▸ **Required work**: The material below contains a line with "总体而言,传统IO类游戏的玩" and a line with "活动现场举办了艺术家写春联送". Copy exactly those two lines and all lines between them.

▸ **Dataset entries**:
· · · ·

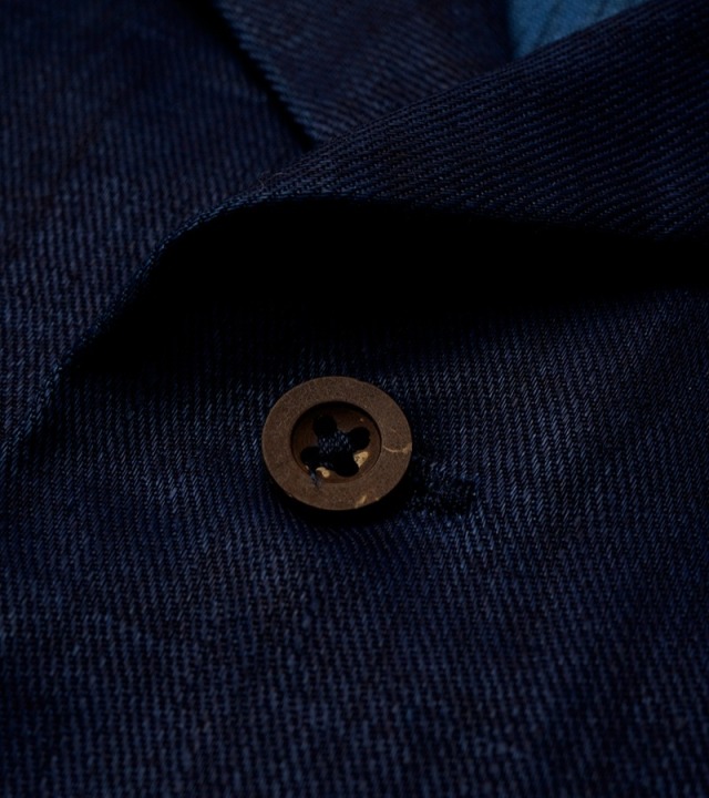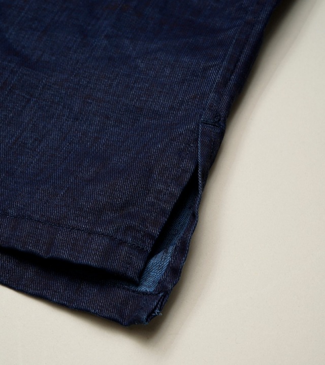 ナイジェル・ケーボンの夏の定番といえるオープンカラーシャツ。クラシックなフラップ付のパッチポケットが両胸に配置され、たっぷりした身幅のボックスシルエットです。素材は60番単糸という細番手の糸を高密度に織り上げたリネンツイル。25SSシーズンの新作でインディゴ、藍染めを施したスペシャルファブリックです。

· · · ·

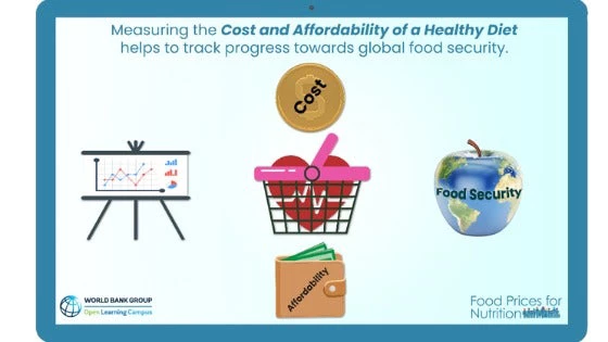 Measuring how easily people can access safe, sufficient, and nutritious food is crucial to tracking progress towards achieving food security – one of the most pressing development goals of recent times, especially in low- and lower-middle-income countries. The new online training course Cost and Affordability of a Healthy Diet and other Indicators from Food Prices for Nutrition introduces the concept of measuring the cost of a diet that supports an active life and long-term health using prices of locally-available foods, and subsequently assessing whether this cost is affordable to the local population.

· · · ·

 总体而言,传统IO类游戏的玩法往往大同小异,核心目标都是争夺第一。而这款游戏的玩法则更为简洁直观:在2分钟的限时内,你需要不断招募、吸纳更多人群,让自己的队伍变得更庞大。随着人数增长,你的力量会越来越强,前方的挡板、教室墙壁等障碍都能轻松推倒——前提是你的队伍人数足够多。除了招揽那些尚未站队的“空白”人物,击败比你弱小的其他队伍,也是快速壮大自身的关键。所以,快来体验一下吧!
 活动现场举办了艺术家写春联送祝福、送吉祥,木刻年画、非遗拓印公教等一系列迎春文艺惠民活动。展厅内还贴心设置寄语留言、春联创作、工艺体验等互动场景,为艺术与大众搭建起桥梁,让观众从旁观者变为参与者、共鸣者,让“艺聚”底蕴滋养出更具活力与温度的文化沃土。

· · · ·

▸ **Finished exercise**:
 总体而言,传统IO类游戏的玩法往往大同小异,核心目标都是争夺第一。而这款游戏的玩法则更为简洁直观:在2分钟的限时内,你需要不断招募、吸纳更多人群,让自己的队伍变得更庞大。随着人数增长,你的力量会越来越强,前方的挡板、教室墙壁等障碍都能轻松推倒——前提是你的队伍人数足够多。除了招揽那些尚未站队的“空白”人物,击败比你弱小的其他队伍,也是快速壮大自身的关键。所以,快来体验一下吧!
 活动现场举办了艺术家写春联送祝福、送吉祥,木刻年画、非遗拓印公教等一系列迎春文艺惠民活动。展厅内还贴心设置寄语留言、春联创作、工艺体验等互动场景,为艺术与大众搭建起桥梁,让观众从旁观者变为参与者、共鸣者,让“艺聚”底蕴滋养出更具活力与温度的文化沃土。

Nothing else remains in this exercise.